You may distribute SPELLF to your friends. But if you do so, please
register your copy with us today, by sending $10 (in cash, check,
M.O., stamps, whatever) to: Kas & Rita Thomas, 578 Fairfield Ave.,
Stamford, CT 06902.

This program was created using Borland Turbo C (Ver. 2.0). If you
would like fully commented source code for SPELLF, kindly send $25 in
lieu of the registration fee. In other words: For $25, you get source
code AND registration, all in one shot (on disk).

When you write, please tell us about your computer setup. Are you
using SPELLF on a laptop? Which model? (Are you happy with it?) We'd
be delighted to hear from you. Write to us today!





WHAT IS SPELLF? AND: WHAT ISN'T IT?

SPELLF is a spellfilter. We feel this word better describes the spirit
of this utility than the term "spellchecker," which implies a literal
brute-force comparison of words against a dictionary. SPELLF does not
do this, obviously. (The "dictionary" file used by SPELLF is only 8K
in size!) Rather than check literal spellings, SPELLF checks the
"legality" of substrings within each word and reports out any words
that contain illegal letter combinations.
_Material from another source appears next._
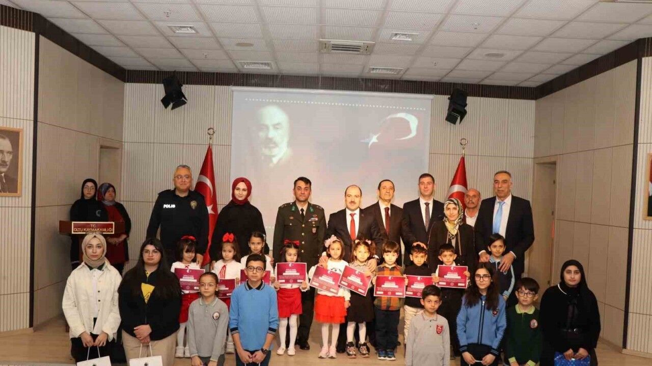 Ayrıca, anaokulu öğrencilerinden İstiklal Marşı’nın 10 kıtasını ezberleyenlere sertifikaları Oltu Kaymakamı Mustafa Çelik tarafından verildi.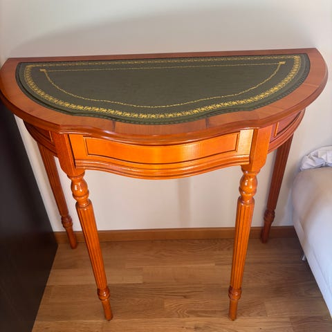 Säljer ett jättefint vitt månbord. Längd: 118 cm. Höjd: 75 cm. Maxbredd: 58 cm.

In this way, SPELLF acts
more like a logical filter than a mere word-looker-upper. You give a
text file to SPELLF, and the program acts as a sieve, reading the text
file in and passing suspect words to "stdout" (the standard output
device for your computer; usually the console). The output is fully
redirectable, which means you can have it show up on your printer (or
on disk) rather than on your screen.

SPELLF carries out its filtering at lightning speed: On the slowest 8-
MHz XT clone we could find, SPELLF took only 10 seconds to spellcheck
a 120K text file! (It adds words to the main dictionary at the
blistering rate of 1,000 English words -- about 6 Kbytes -- per
second.) On a 286 or 386 machine, you may see throughput rates five to
ten times higher. Especially if you use redirection. (The biggest
runtime bottleneck for SPELLF is waiting for the screen to update.)
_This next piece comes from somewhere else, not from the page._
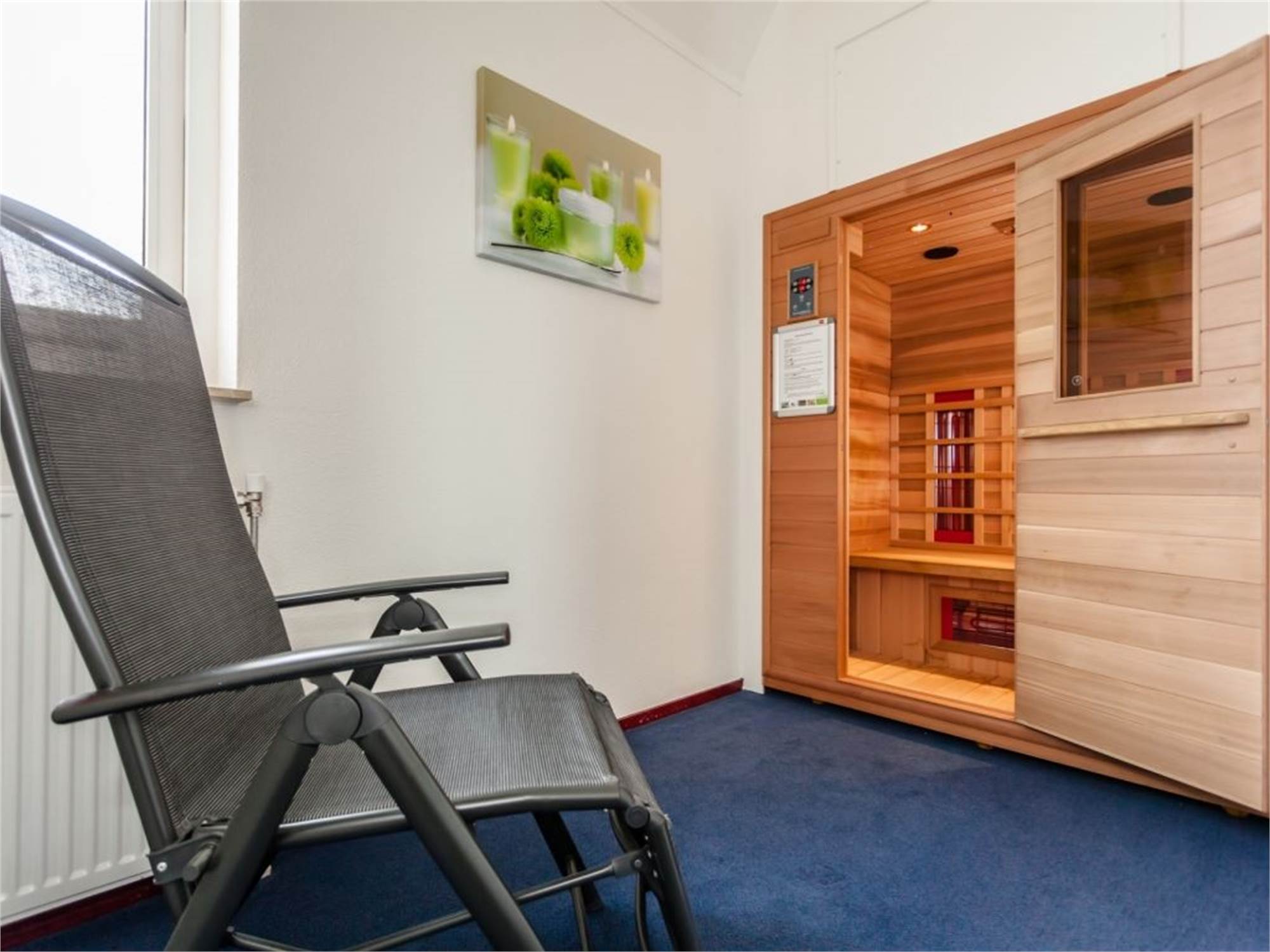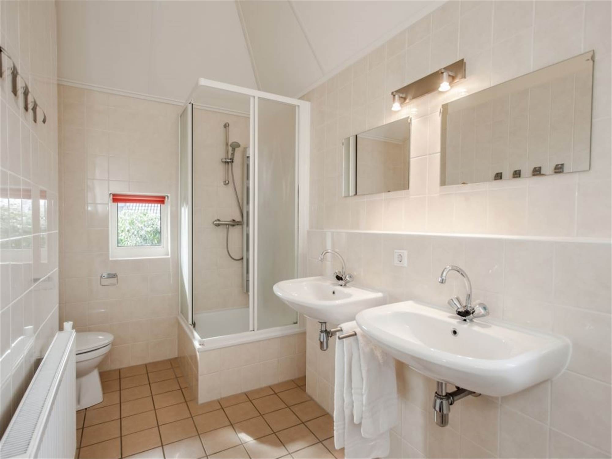 Bathroom with sun shower, toilet and double washbasin on the first floor

Speed isn't SPELLF's primary virtue, however. Small size (both in
terms of disk image and RAM overhead) is where SPELLF really shines.
The program itself is just 12K, making it perfect for use on floppy-
disk-only systems (laptops, for example) and systems that can't
accommodate the 200K spellcheckers that come with such programs as ...
well, you know the big names. At runtime, SPELLF uses approxi-
mately 76K of RAM (12K of core RAM and 64K of "far core" heap
space). For its dictionary, SPELLF uses a disk file only 8 kilobytes
in size. No matter how many words you stuff into this dictionary file
($.DIC), it never gets bigger than precisely 8K.

Another virtue of SPELLF is that it operates in command-line mode,
making it easy to invoke spellchecking from batch files.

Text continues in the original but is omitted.